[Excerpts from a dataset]

┌──

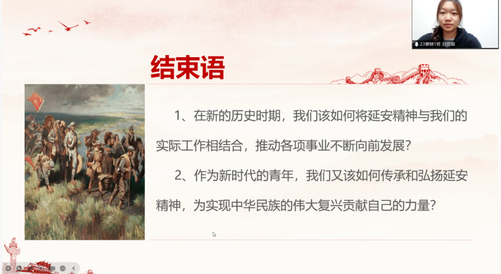 随后,主持人带领大家围绕“解读延安精神”“延安精神的现实启示”“中共领导论延安精神”三个方面深入学习了延安精神的内涵与时代价值。她强调,新时代大学生应深刻理解延安精神的核心要义,内化于心、外化于行,做到知行合一。
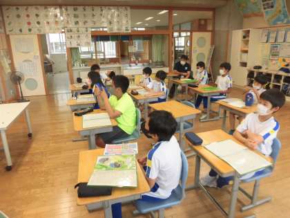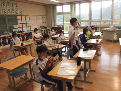 5年生は、先日行った「高齢者疑似体験」について感想を伝え合っていました。
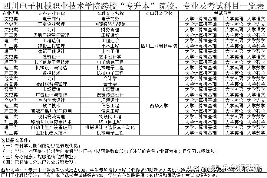 四川电子机械职业技术学校跨校“专升本”院校、专业及考试科目一览表
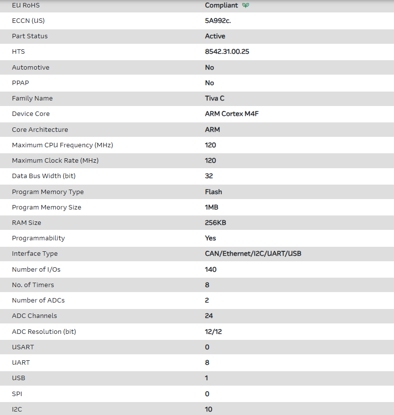 | Part Number | TM4C129LNCZADT3 |
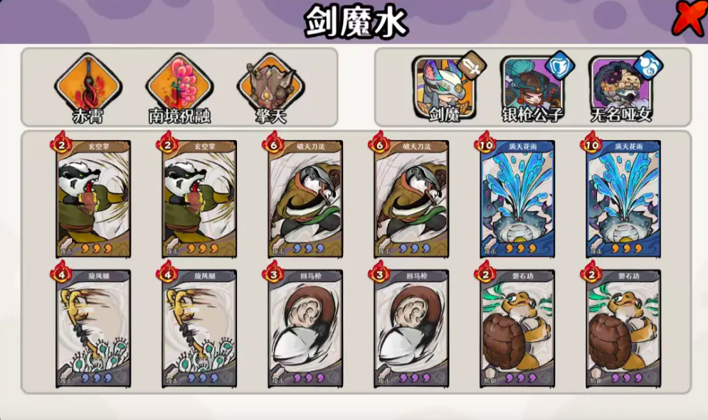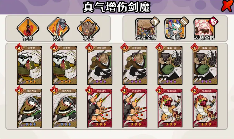 【真气爆发型·增伤专精流】 本套侧重极限输出压制,对角色培养深度要求较高。神兵仍以擎天为基石,赤霄与赤痕构成双赤组合,强化真气转化效率。武侠配置中,将玉兔替换为云林圣僧,但须满足其命格条件——必须达成2命方可激活完整增伤链。卡组沿用剑魔专属的8张基础卡池,并额外补充4张以灼烧效果为核心的攻击型卡牌,实现持续真气叠加与伤害溢出。

└──

_Task requirements_
The records above should be reproduced exactly, with the pictures omitted.

_Exercise response_
 随后,主持人带领大家围绕“解读延安精神”“延安精神的现实启示”“中共领导论延安精神”三个方面深入学习了延安精神的内涵与时代价值。她强调,新时代大学生应深刻理解延安精神的核心要义,内化于心、外化于行,做到知行合一。
 5年生は、先日行った「高齢者疑似体験」について感想を伝え合っていました。
 四川电子机械职业技术学校跨校“专升本”院校、专业及考试科目一览表
 | Part Number | TM4C129LNCZADT3 |
 【真气爆发型·增伤专精流】 本套侧重极限输出压制,对角色培养深度要求较高。神兵仍以擎天为基石,赤霄与赤痕构成双赤组合,强化真气转化效率。武侠配置中,将玉兔替换为云林圣僧,但须满足其命格条件——必须达成2命方可激活完整增伤链。卡组沿用剑魔专属的8张基础卡池,并额外补充4张以灼烧效果为核心的攻击型卡牌,实现持续真气叠加与伤害溢出。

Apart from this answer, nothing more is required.